Sep 4, 2016 7:22 AM # 
Climbing grading is entirely subjective. Climbers wouldn't have it any other way. Where would the sport be without endless camp fire disputes about how hard or easy a climb is/was. Where would the sport be without sand bagging- purposefully under grading a climb as (to quote a celebrated Australian climber) a hedge against inflation. The first ascensionist has the right to name the climb grade, and subsequent repeat ascenders either accept or dispute. Generally a consensus is reached. But not always. What climbing grading has in common with orienteering debates about difficulty is that the difficulty depends upon the body build. How much reach do you have? How small are your hands? The latter was the subject of a celebrated climb called Passport to Insanity. The crux pitch is a thin crack through a down sloping 20 foot roof. Only four people have ascended it. The top male climbers of the day failed. Their hands were too wide for the crack. Whilst sitting around a campfire discussing the climb, one of the failed aspirants looked at the diminutive Nyrie Dodd and quipped that her hands were small enough to fit in the crack. So off she went and climbed it. She graded it 28. An debate erupted as to whether it really was grade 28. One argument was that Nyrie had never climbed 28 before. The counter argument was that none of the males capable of climbing 28 had succeeded on it. There you have the subjectivity of climb grading.
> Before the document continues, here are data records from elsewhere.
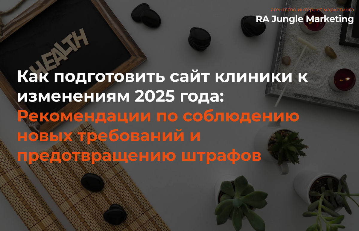 Не рискуйте репутацией и финансами вашей клиники! Проведите аудит вашего сайта на предмет выявления потенциальных несоответствий новым законодательным требованиям с Jungle Marketing. Свяжитесь с нами, чтобы узнать, на что стоит обратить внимание для обеспечения полного соответствия вашего сайта всем актуальным законам.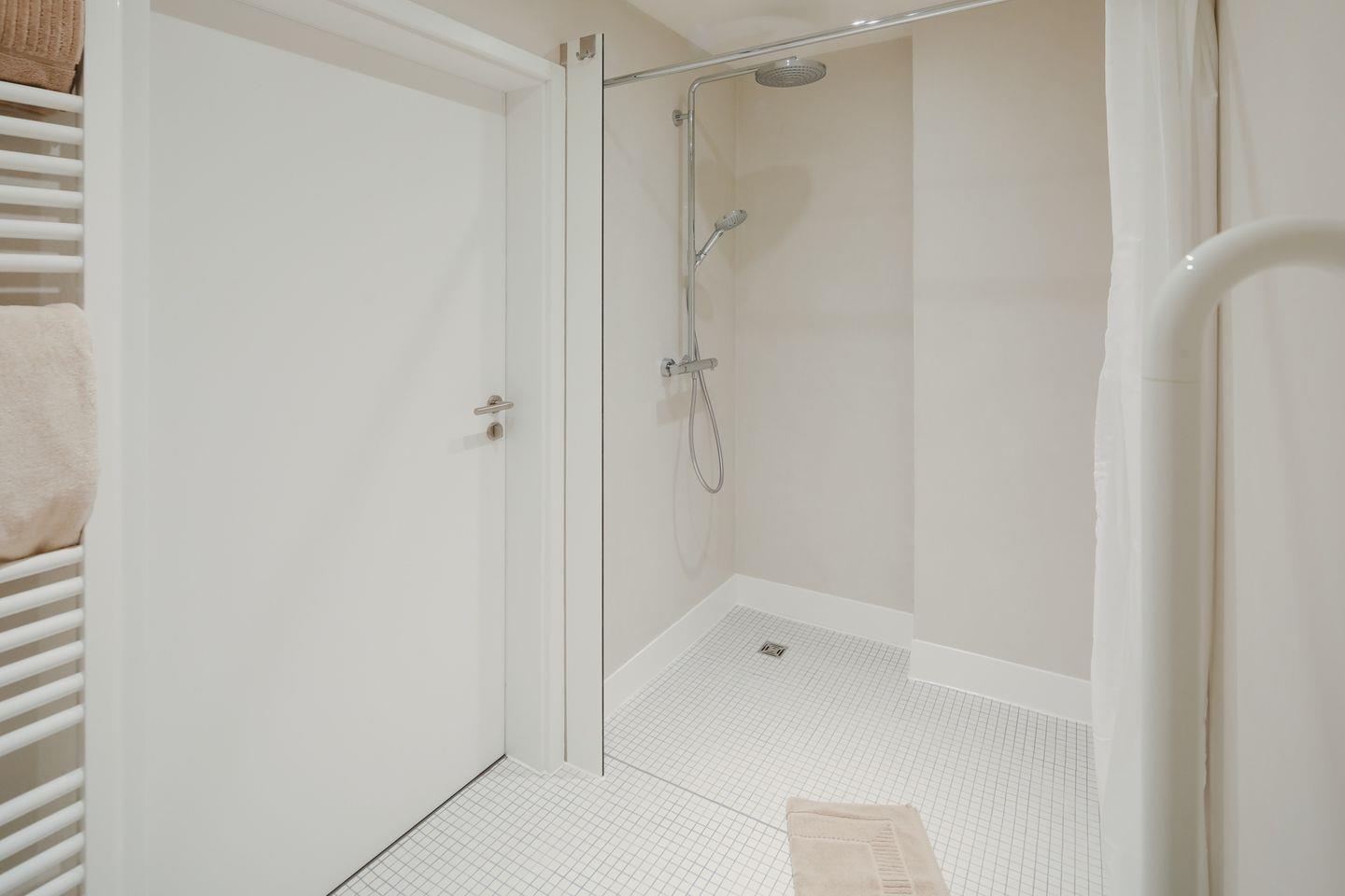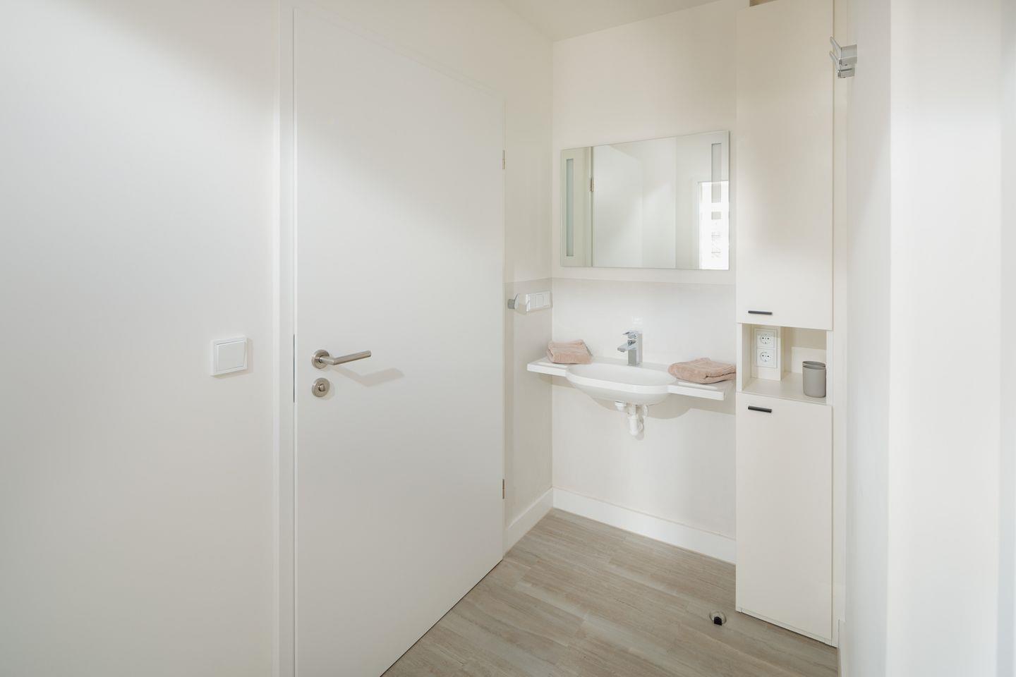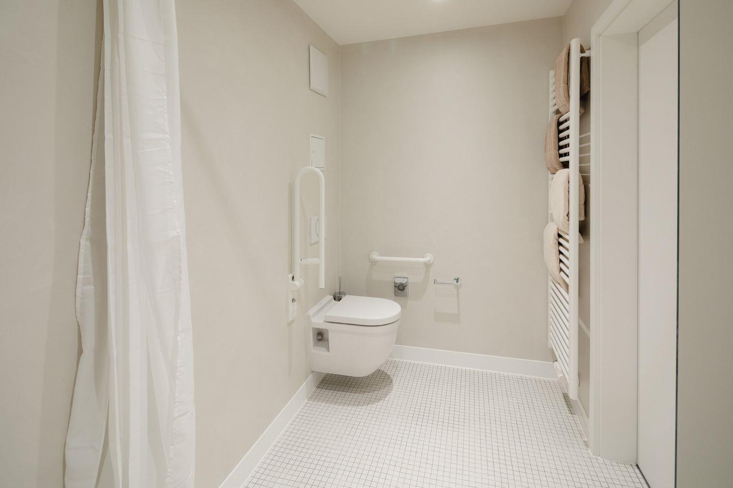 Souterrain barrierearm: Die Wohnung S4 liegt im Souterrain, ist ebenerdig zugänglich und durch die extrabreiten Türen für Rollstuhlfahrer sehr gut geeignet. Zur Ausstattung der Küche gehören unter anderem ein 2-Platten-Herd sowie eine Mikrowelle, ein Geschirrspüler, eine Filterkaffeemaschine und eine Kapselkaffeemaschine. Fahrräder der Hausgäste können im Innenhof abgestellt werden; Waschmaschine und Wäschetrockner stehen zur gemeinschaftlichen Nutzung im Untergeschoss bereit.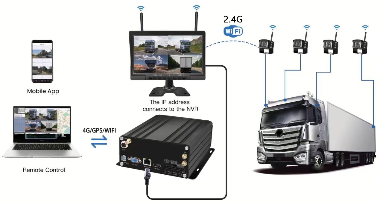 Carleader 10.1 นิ้ว 4CH Wireless HDD Mobile NVR System ซึ่งเป็นระบบ NVR แบบพกพาที่ล้ำสมัยซึ่งออกแบบมาเพื่อการจัดการยานพาหนะ ระบบใช้กล้อง IP ไร้สาย 4 ชิ้นจับคู่กับจอภาพ wireelss ขนาด 10.1 นิ้วผ่านสัญญาณ 2.4GHz จากนั้นเชื่อมต่อจอภาพและ NVR ด้วยขั้วต่อ RJ45 ไม่จำเป็นต้องมีปัญหาการเดินสายไฟเพิ่มเติม มีประสิทธิภาพมากขึ้นในการติดตั้งและการจัดการยานพาหนะ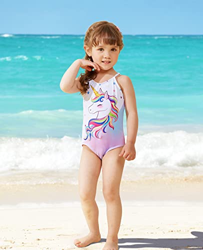 WAWSAM Costume da Bagno Intero con Unicorno per Ragazze e Bambine, Arcobaleno, 3 Anni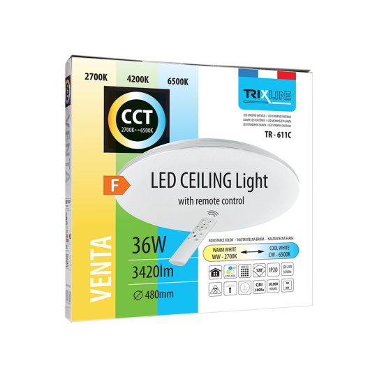 Zawartość opakowania: LED sufitowa lampa TR-611C - VENTA, pilot (2xAAA baterie nie są w zestawie), 4x śrubki (długość 2,5cm, krzyżowe nacięcie), 4x kołki rozporowe (długość 2,5cm), instrukcja obsługi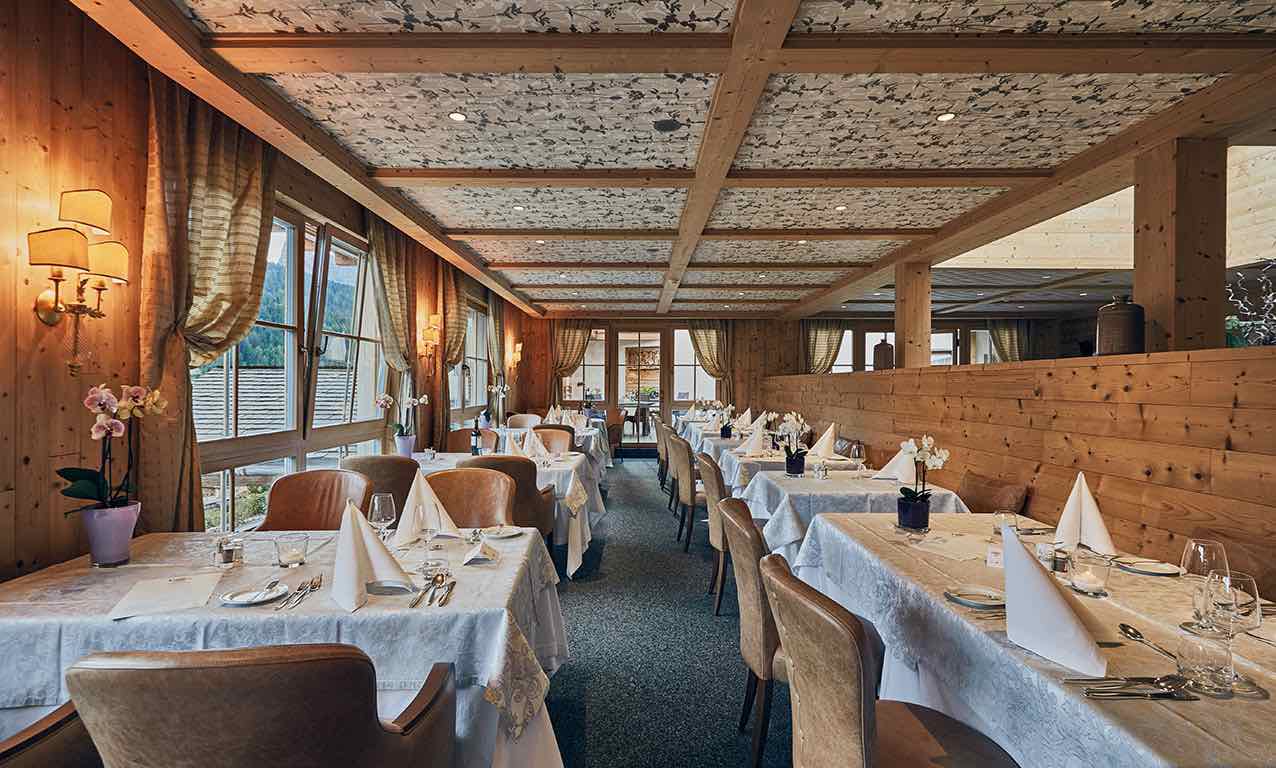 Il wellness continua a tavola, grazie alla cucina genuina e biologica dello Chef Claudio De Marc, che nei suoi piatti valorizza le materie prime del territorio rivisitando la ricca tradizione gastronomica altoatesina. Un buon piatto non può che essere accompagnato da un’etichetta pregiata della fornita cantina vini dell’hotel.

Since then at least one male has climbed the route, using holds outside the crack.
Sep 4, 2016 5:43 PM # 
I will second Eric's endorsement (above) with an example: compare the US Individual Championships in Wisconsin, October 2009, with the US Classic Championships at Prince William Forest, November 2007; I was a contestant on Brown in Wisconsin and course setter for day 1 at Prince William; By inspection you would be hard put to say that the maps were similar; yet the results were similarly scrambled; both were on very fast terrain and the difficulties contestants had, including me, had to do with visibility; technical errors among very good orienteers were rife and similar; in Wisconsin it was the moraine bumps and in Prince William it was the green vegetation and both were easily subject to parallel error.

A numeric scheme, unfortunately, is likely to be subject to more handicapping than are subjective judgments of competent orienteers familiar with specific terrains.
Sep 5, 2016 1:42 AM # 
Hey All,
Thanks for the feedback and thanks Juffy for the OCAD tips! I'm pretty convinced at this point that it would be to complicated to do what I would like to do due to many of the factors mentioned. Seems like figuring this out from another direction would be more optimal. Thanks
Sep 6, 2016 1:52 PM # 
It could be sorted by doing weighted overlay analysis tool in ArcGIS, I am a GIS analyst, however, the main issue to my view is to identify the weights that accumulate the physical challenge levels etc.. This does not include the conversation from OCAD environment to GIS environment and rasters and re-classifications may have to be used, I am happy to keep discuss this as I would like to develop something similar to MTBO. Having said that, even if we sort categorizing this somehow, that will not take the subjectivity out...

Juffy, you are in?
Sep 10, 2016 5:18 PM # 
Gudeso I'd be happy to talk more offline.
Sep 11, 2016 2:20 PM # 
One aspect not mentioned here is generalization level of the map. See, sometimes the size of features if just right for mapping them, so all of them can be mapped and no much generalization is needed in mapping phase and also no much interpretation needed when using it. And there isn't much features not mapped. But sometimes there is way too much going on and everything cant be mapped, so stuff must be generalized or left out. And runner needs to be able to figure how it is generalized and understand the map instead of just reading it. So maps of these two areas essentially look the same, same detail density and sane contour squigglyness, but the other one quite easy and straight forward to use, and the other is a lot more difficut, far more challenging and technical.
Sep 12, 2016 4:02 AM # 
This nice observation would be useful in other threads about mapping, scale, ISOM etc. Thanks Jagge.